#### [AIM OF THE EXERCISE]
Write out again only the lines between the one with "交通运输系莫祥伦、金晓红老师" and the end of the records below, both ends counted, and don't include the pictures.

#### [SOURCE RECORDS]
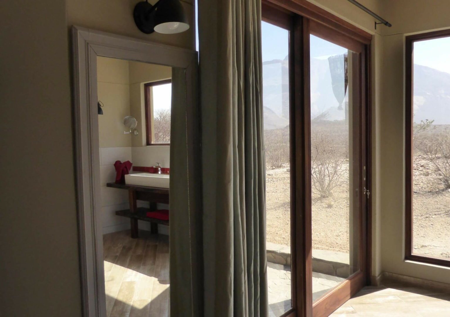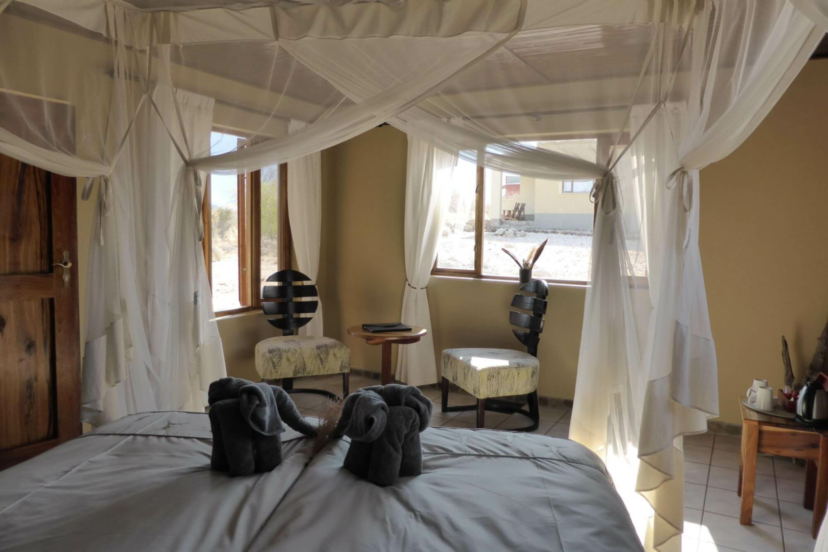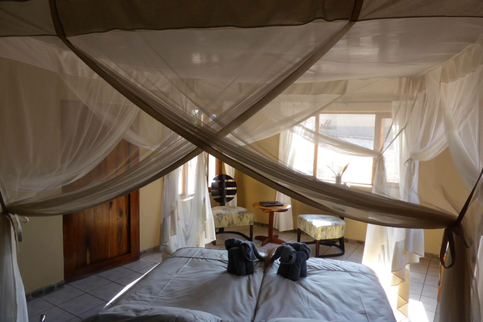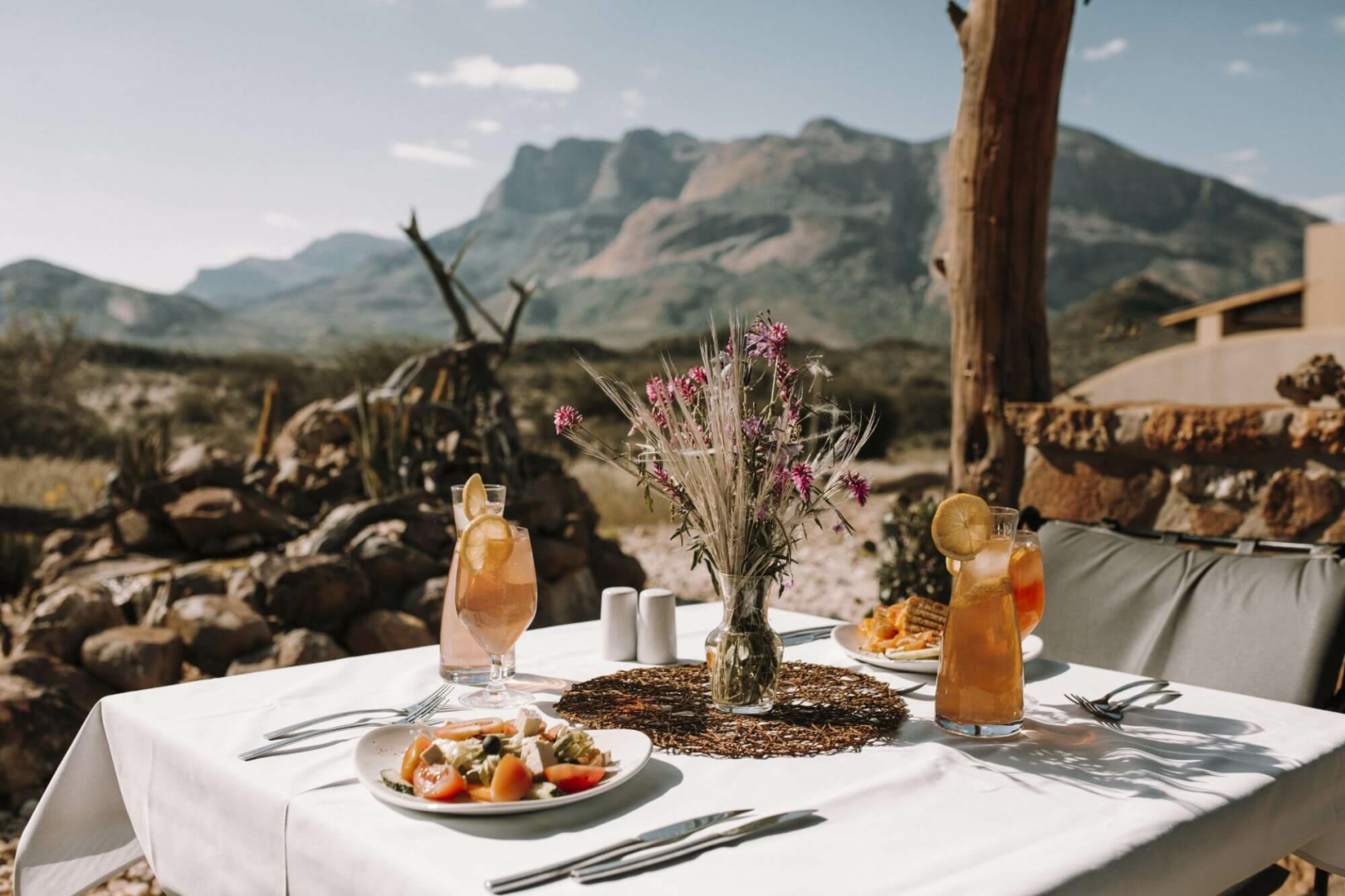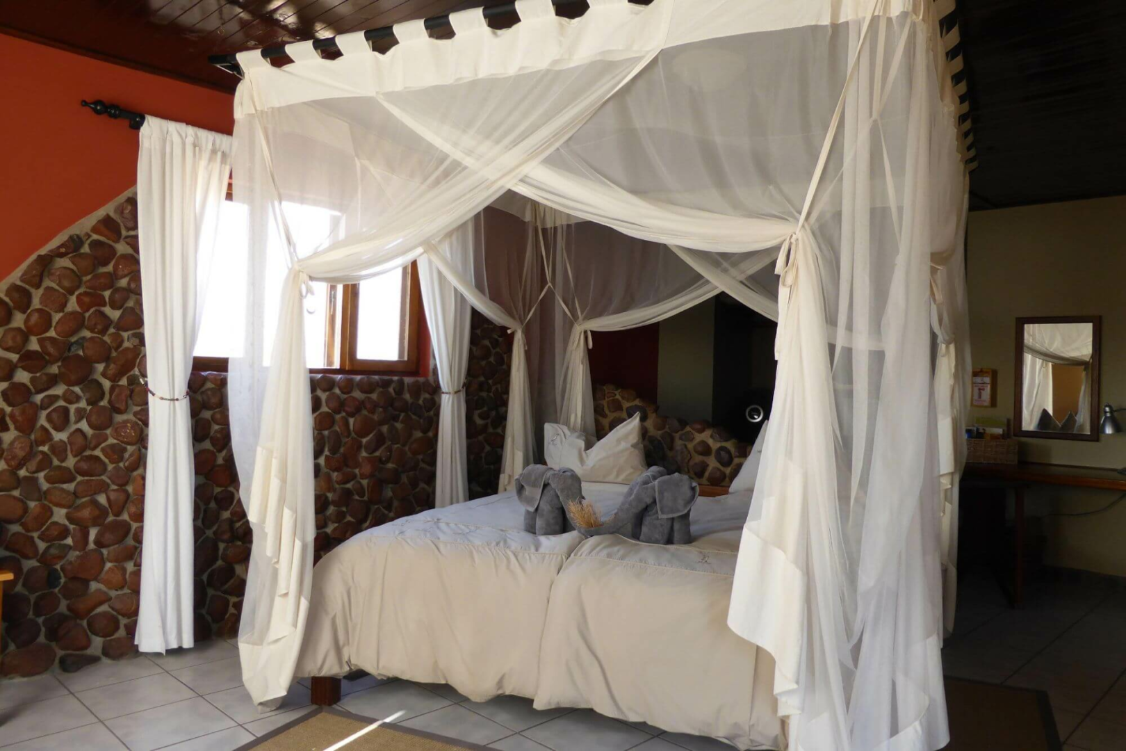 Herzstück der Lodge ist ein umgewandeltes altes Farmhaus mit Restaurant und Lodge. Es gibt auch eine geräumige Terrasse, auf der die Mahlzeiten eingenommen werden, mit Blick auf ein Wasserloch, das von Springboks, Oryxe, Gnus, Strauße und Giraffen regelmäßig besucht wird. Es gibt auch einen Pool
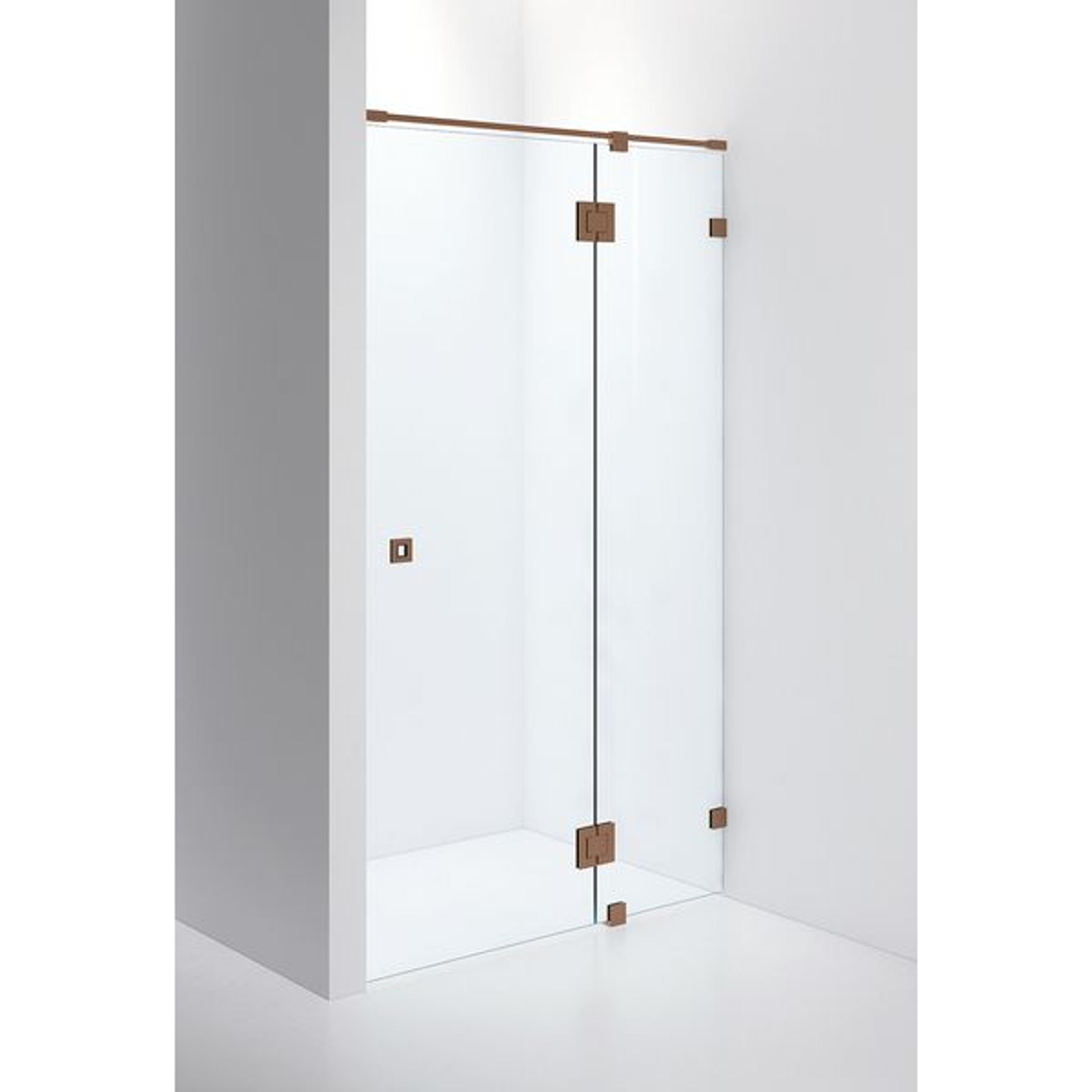 En fast vegg og en dør i 8 mm glass. Måltilpasses innen angitte intervaller. Tilpasses enkelt etter akkurat dine mål.
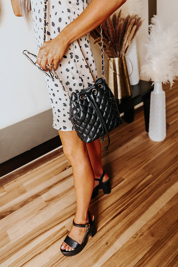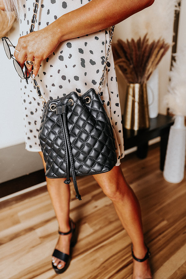 Complete your look in the best way with our trendy black 'Champagne Craving' crossbody featuring faux leather material with quilted texturing, a chain link shoulder strap, and a lightweight fully lined bucket bag silhouette with a cinched closure and an additional zip closure pocket!
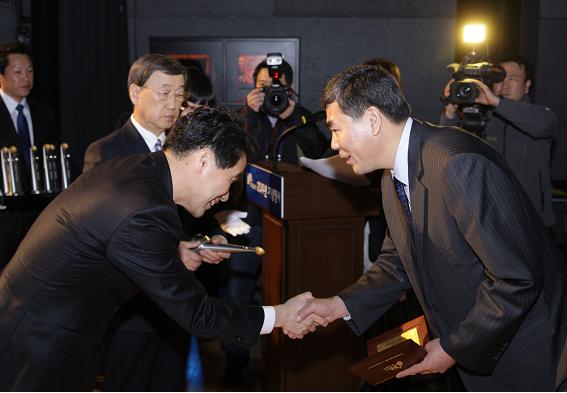 <»çÁø¼³¸í> ÀÌÁÖÈ£ ±³À°°úÇбâ¼úºÎ Àå°ü°ú ¹Ú¿ëÇö Çѱ¹»ê¾÷±â¼úÁøÈïÇùȸÀå(µÎ»ê±×·ì ȸÀå)ÀÌ À̰ü¼ø Çѹ̾àǰ »çÀå¿¡°Ô »óÆÐ¸¦ Àü´ÞÇϰí ÀÖ´Ù.
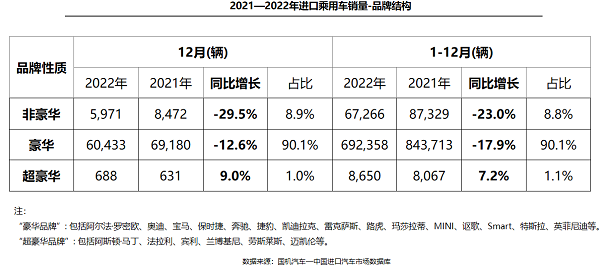 2022年进口乘用车销售76.8万辆 豪华品牌占比超九成
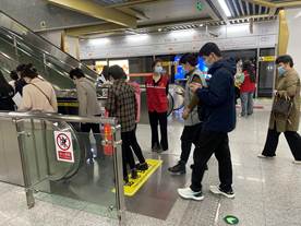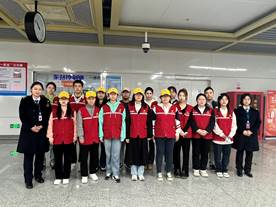 交通运输系莫祥伦、金晓红老师带领2019级全体学生前往徐州地铁1号线、2号线换乘点彭城广场站开展志愿活动。学生志愿者们身穿红色马甲分别在自动售票机、电梯口、进出站口等多个客流量较集中的点位进行志愿服务,引导乘客有序排队、保持安全距离,倡导文明乘车,面对乘客积极热情,为乘客提供路线引导、咨询帮助,与乘客一起维护安全、正点、整洁、舒心的地铁乘车环境,提高乘车整体满意度。
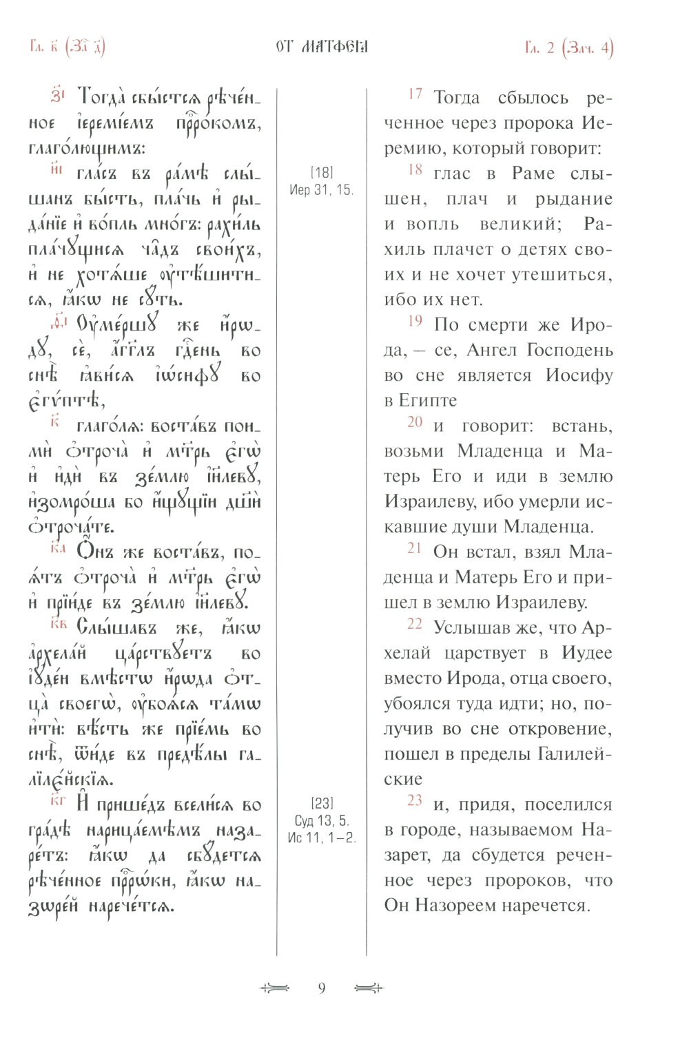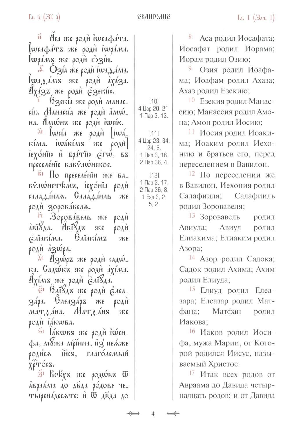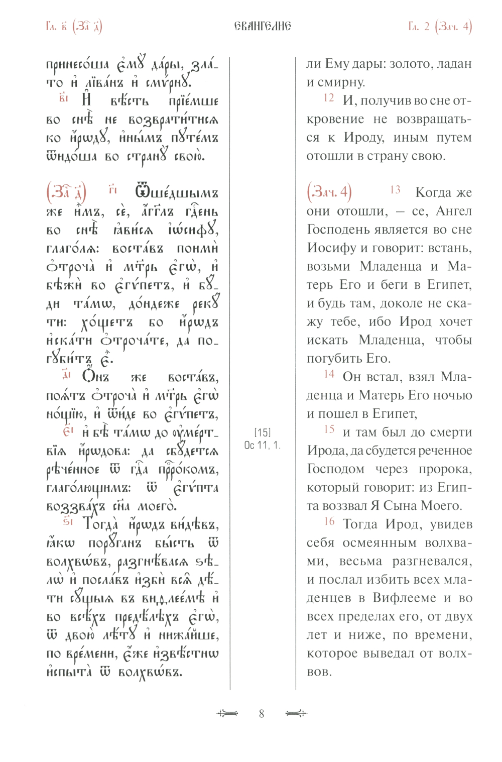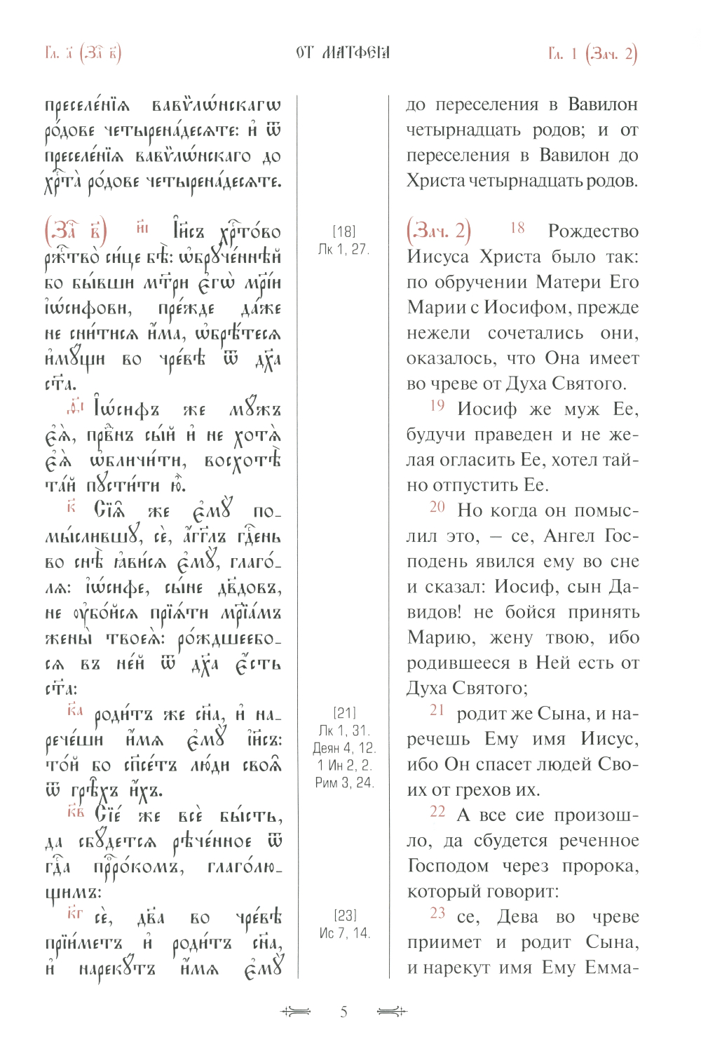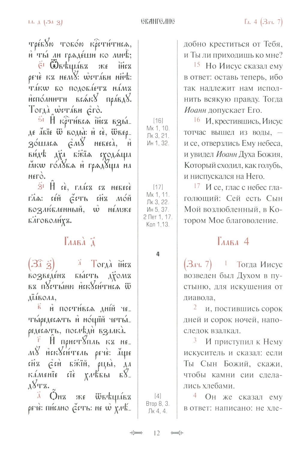 Святое Евангелие на церковнославянском языке сопровождается параллельным русским синодальным переводом. Это дает возможность глубже понять смысл Писания и облегчает восприятие церковнославянского текста. Сопровождение текста параллельными местами и удобный для чтения шрифт облегчат изучение Святого Писания, а благородное оформление и качественная печать позволяют изданию занять достойное место в любой библиотеке.| Издательство | Лепта Книга |
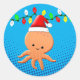 Pegatina Redonda Octopus Personalizado lindo Navidades Santa Hat

#### [SOLUTION FOR THIS PROBLEM]
 交通运输系莫祥伦、金晓红老师带领2019级全体学生前往徐州地铁1号线、2号线换乘点彭城广场站开展志愿活动。学生志愿者们身穿红色马甲分别在自动售票机、电梯口、进出站口等多个客流量较集中的点位进行志愿服务,引导乘客有序排队、保持安全距离,倡导文明乘车,面对乘客积极热情,为乘客提供路线引导、咨询帮助,与乘客一起维护安全、正点、整洁、舒心的地铁乘车环境,提高乘车整体满意度。
 Святое Евангелие на церковнославянском языке сопровождается параллельным русским синодальным переводом. Это дает возможность глубже понять смысл Писания и облегчает восприятие церковнославянского текста. Сопровождение текста параллельными местами и удобный для чтения шрифт облегчат изучение Святого Писания, а благородное оформление и качественная печать позволяют изданию занять достойное место в любой библиотеке.| Издательство | Лепта Книга |
 Pegatina Redonda Octopus Personalizado lindo Navidades Santa Hat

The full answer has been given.